Une chose est indiscutable pour Ilunga : “Si les communautés locales n’arrêtent pas d’agresser les agents de santé et de tuer les médecins, cette épidémie durera pendant très longtemps et des milliers de vies seront fauchées”, explique le ministre.

Dans le territoire de Beni qui ne rapporte plus beaucoup de cas, “certains groupes armés avaient accepté de collaborer avec nous”, mais dans celui de Lubero [dont Butembo est la plus importante agglomération], des hommes armés ne coopèrent pas”, affirme le ministre, peu optimiste.

Une seule chose détend ses nerfs : “Nous avons réussi à empêcher une tragédie, l’urgence sanitaire internationale n’a pas été décrétée et l’épidémie ne s’est pas étendue au-delà de deux provinces, mais le risque de propagation reste très élevé”.

Mieux, le nombre de personnes guéries du virus a atteint les 492 au 26 mai 2019 et la vaccination se poursuit malgré les conditions défavorables.

Plus de 124 mille personnes ont été jusque-là vaccinées.
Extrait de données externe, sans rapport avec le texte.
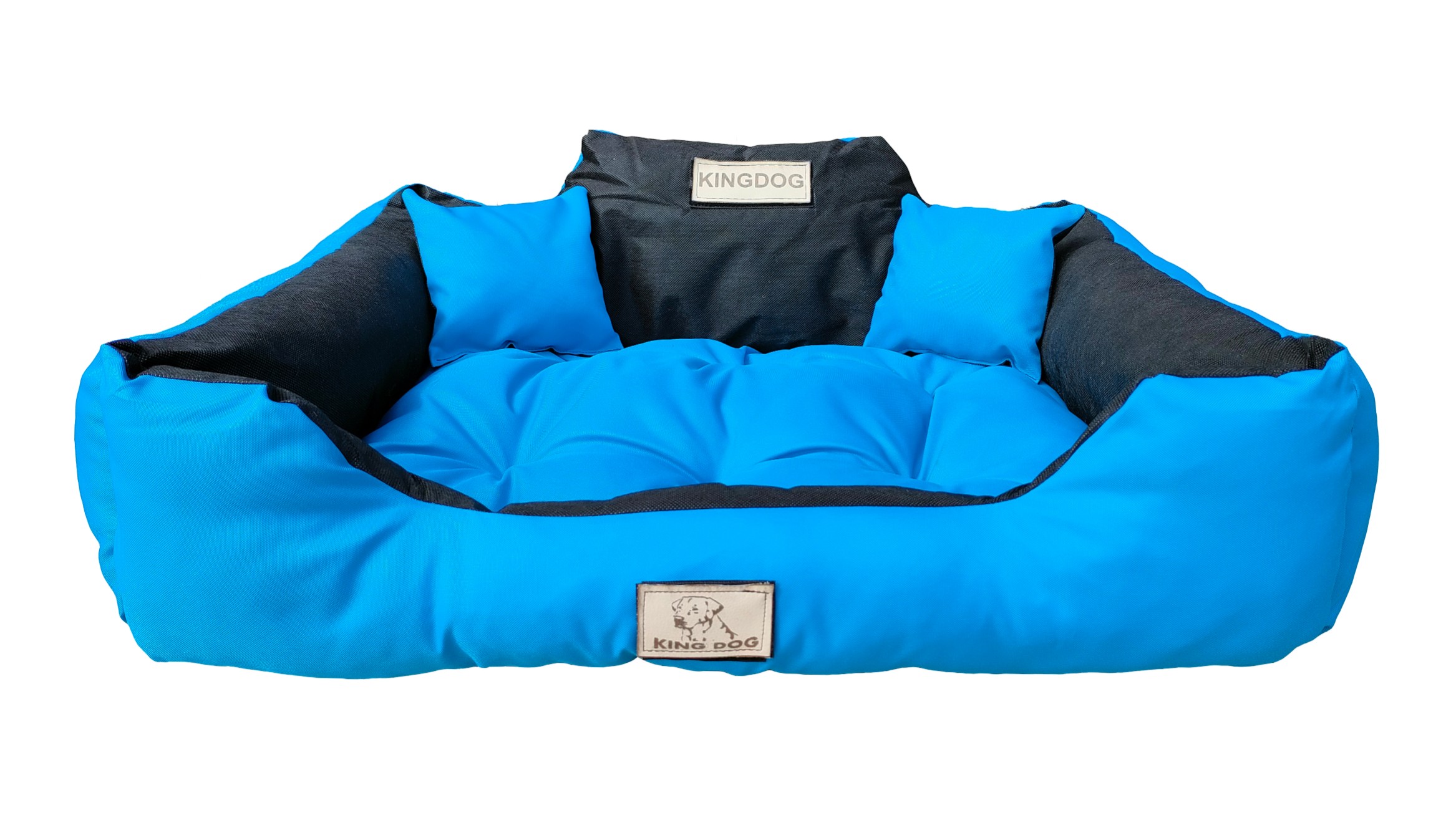 Trpežna VODPROOF PASSION postelja KINGDOG u modri boji, PERSONALIZIRANA s imenom vašeg ljubljenčka!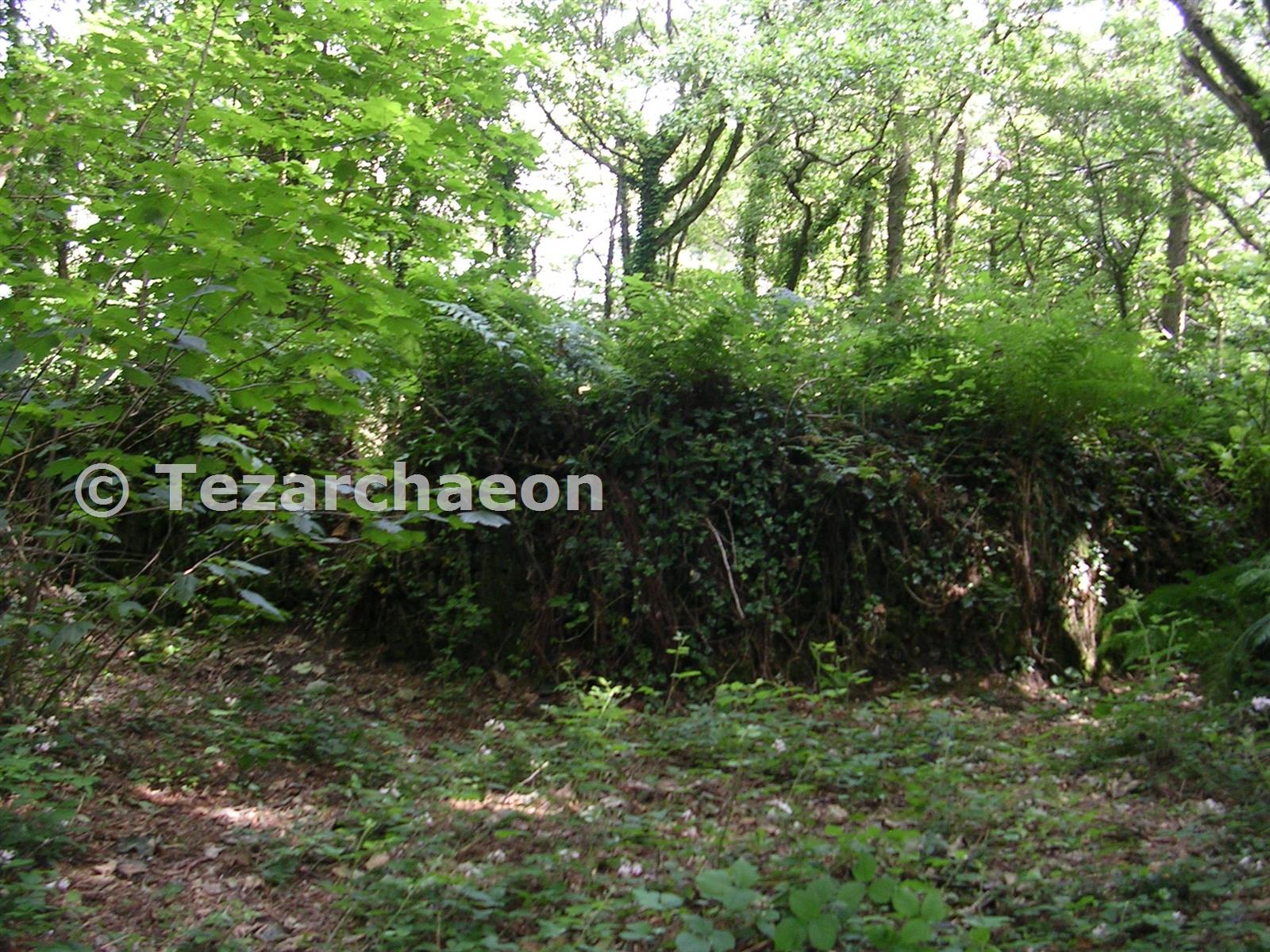 Circular stone wall surrounding a shaft by the road. There is a similar shaft on the other side of the road but this has been plugged to a considerable depth to avoid subsidence into the road.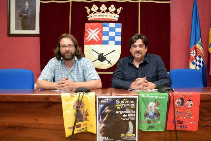 El concejal de Juventud, Enrique Peces, y el representante de WRG (World Real Games) De Acero Producciones, Luis Eduardo González, han presentado este lunes en el Ayuntamiento de Argamasilla de Alba la segunda edición del Survival Zombie, que se celebrará el 20 de mayo (de 23.00 a 06.00 h. del domingo) en la localidad.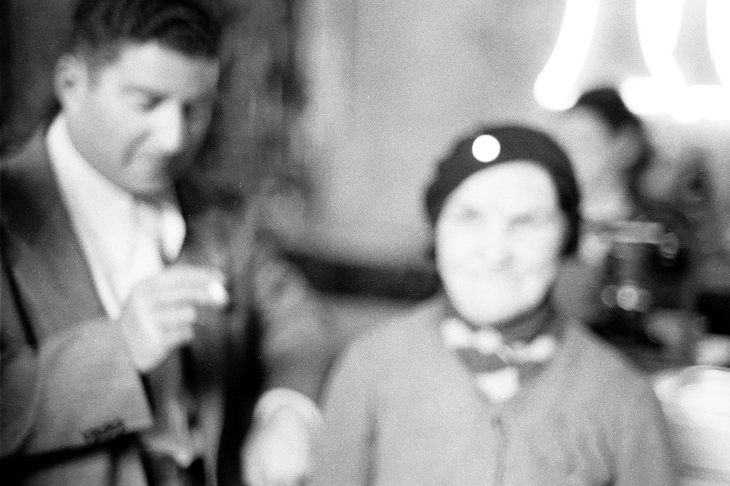 Blurry black and white photograph of a man and woman standing together indoors, both softly out of focus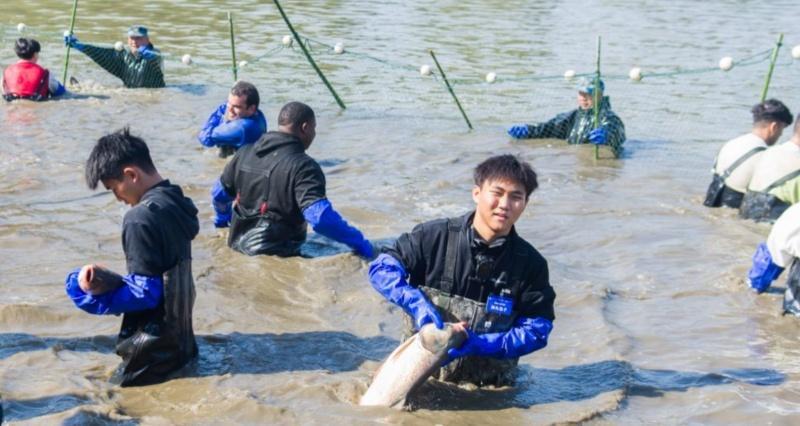 “一二一加把劲,匀匀发力向后拉。”沁湖畔,拉网号子铿锵有力。30余名中外学子统一着装,双手紧握缰绳,一致侧身向后倾斜,协力拉网。持续一小时努力,一张长达350余米的渔网渐渐收紧,满眼鱼儿翻腾扑跃。引得岸上师生纷纷拍手叫好,跃跃欲试下水捉鱼。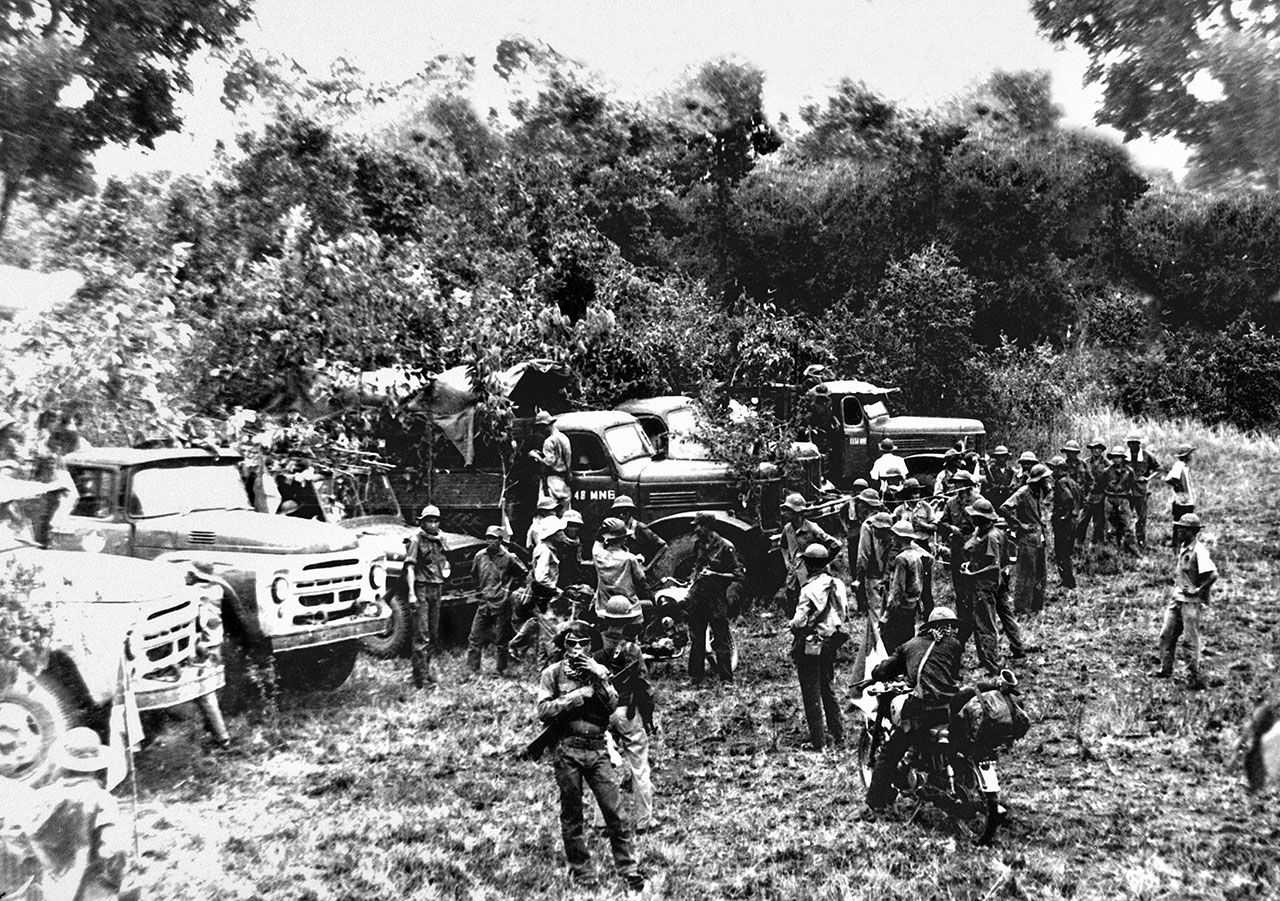 | Giữa đồn điền cao su Ông Quế, Ban chỉ huy Trung đoàn Khe Sanh trải tấm bản đồ do nhà báo TTXVN Đinh Quang Thành tặng để nghiên cứu kỹ càng từng tuyến đường vào Sài Gòn |

Mais, au stade où en sont les choses, la riposte nécessite encore plus de moyens selon l’OMS.

“Le plus grand combat n’est pas contre le virus Ebola, mais plutôt contre les rumeurs, la désinformation et les croyances locales”, précise Dr Alexis Ndiaye.
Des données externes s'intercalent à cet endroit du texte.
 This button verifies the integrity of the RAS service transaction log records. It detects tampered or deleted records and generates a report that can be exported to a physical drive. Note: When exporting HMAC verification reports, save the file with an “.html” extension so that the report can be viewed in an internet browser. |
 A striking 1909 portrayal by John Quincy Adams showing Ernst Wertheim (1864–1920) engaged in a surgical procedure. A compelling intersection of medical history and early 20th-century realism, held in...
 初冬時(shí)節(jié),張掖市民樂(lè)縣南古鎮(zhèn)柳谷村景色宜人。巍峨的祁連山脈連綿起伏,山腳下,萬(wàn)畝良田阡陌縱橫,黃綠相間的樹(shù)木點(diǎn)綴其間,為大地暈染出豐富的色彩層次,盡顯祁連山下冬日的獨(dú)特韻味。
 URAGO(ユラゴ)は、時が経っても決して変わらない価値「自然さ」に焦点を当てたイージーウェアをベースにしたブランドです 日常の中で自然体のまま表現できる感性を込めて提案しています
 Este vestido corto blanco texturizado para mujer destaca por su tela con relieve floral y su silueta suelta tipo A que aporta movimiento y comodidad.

La plus meurtrière épidémie d’Ebola de l’histoire est celle qui a frappé trois pays de l’Afrique de l’Ouest entre 2014 et 2016, la Guinée, la Sierra Leone et le Liberia. Elle avait fait plus de 11 000 morts sur quelque 29 000 malades, d’après l’OMS.

“Cette épidémie avait fait trop de dégâts humains à cause de la forte mobilité, mais il n’y avait pas de résistance communautaire”, selon Alexis.
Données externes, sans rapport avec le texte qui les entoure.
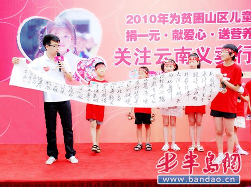 8月12日,在青岛市浮山后四小区步行街上,一群来自浮山新区的小学生们举行了一次特别的义卖活动,义卖品都是学生们利用废品制作成能够再利用 的小物件,义卖所得的款项将全部用于为云南贫困山区的小学生们的营养加餐。这次义卖行动是由中国扶贫基金会携手肯德基、必胜客所属百胜餐饮集团中国事业 部、联合国世界粮食计划署共同发起的2010年为贫困山区儿童“捐一元•献爱心•送营养”项目的一次公益活动。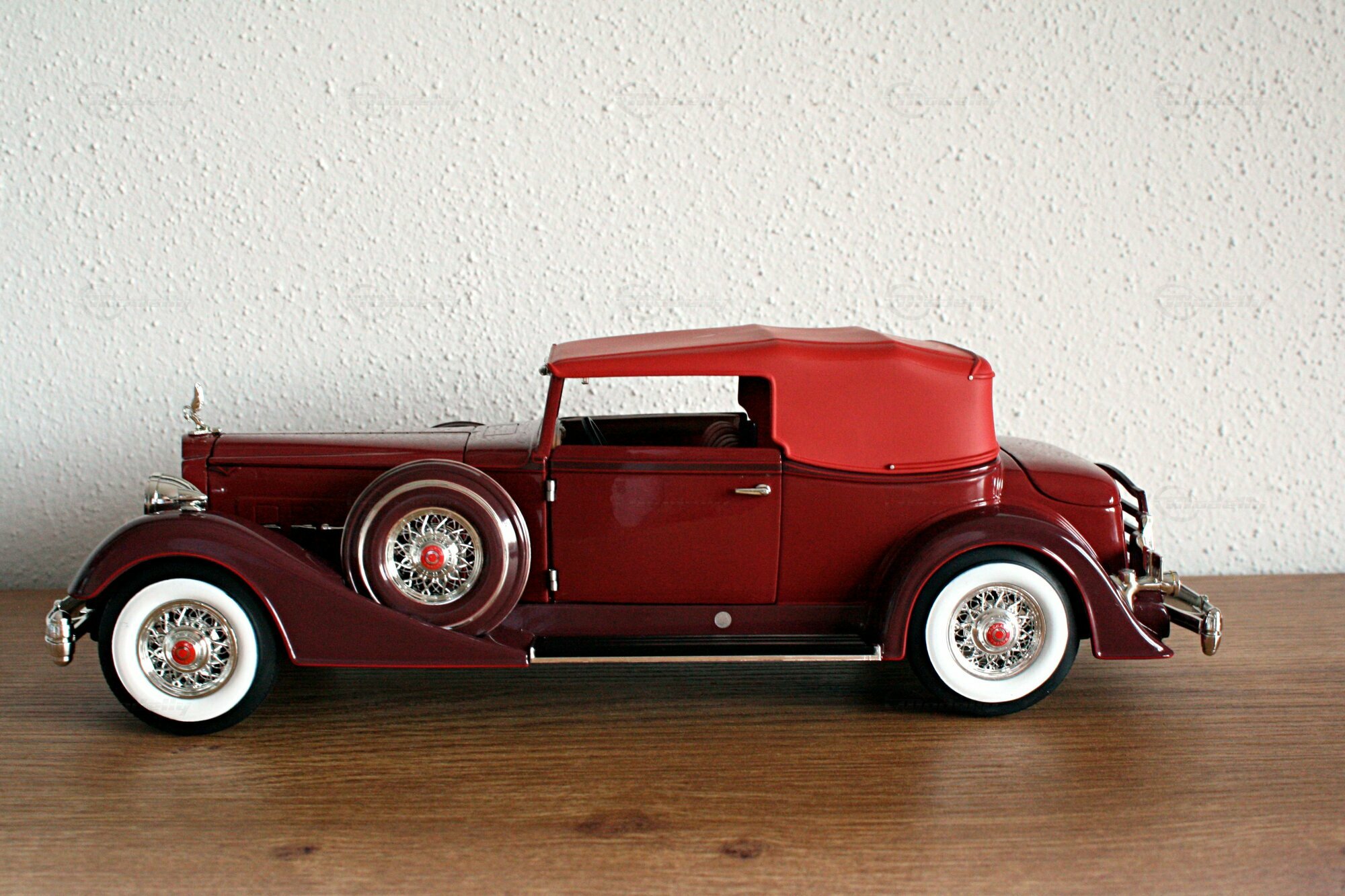 Die historische Bedeutung des Packard V12 Victoria und seine zeitlose Eleganz machen ihn zu einem begehrten Objekt, nicht nur für Autofans sondern auch für Freunde klassischer Technik und Handwerkskunst. Seine technische Raffinesse und der einmalige Stil machen ihn zu einer Ikone, die in keiner Sammlung fehlen sollte. Der Stil und die Klasse des Originals spiegeln sich perfekt in diesem detaillierten Modell wider, das sich durch Präzision und originalgetreue Nachbildung auszeichnet.

L’actuelle épidémie congolaise “va encore durer. Le nombre de morts devrait atteindre ou dépasser le seuil des 2000 vers la fin de l’année si les communautés de Butembo et d’ailleurs n’adhérent pas davantage”, affirme le médecin.

Soldats, policiers, agents de santé, guéris d’Ebola, agents de sensibilisation participent à la riposte qui est également compromise par le sous-financement.

L’OMS affirme n’avoir reçu que quelques dizaines de millions de dollars, représentant la moitié des fonds demandés.

Ce déficit de financement pourrait l’amener à annuler certaines activités de riposte.

Ebola a su bousculer la culture dans la région : les populations ne se serrent plus les mains pour se saluer, les rites funéraires ne sont plus observés car le contact avec les dépouilles est une source certaine de contamination.

Et certaines personnes commencent à saisir le mouvement autour d’Ebola pour en faire un business.

Certains commerces ont profité, en effet, de la lutte contre Ebola, pour causer une flambée des prix sur le marché.

L’afflux des expatriés des ONG internationales et des agents du ministère de la Santé fait circuler les billets dans les circuits économiques.

Les hôtels sont pleins, des jeeps 4×4 affluent de toutes les villes voisines pour être louées aux organisations intervenant dans la riposte.

Comme si « le mal des uns faisait le bonheur des autres ! ».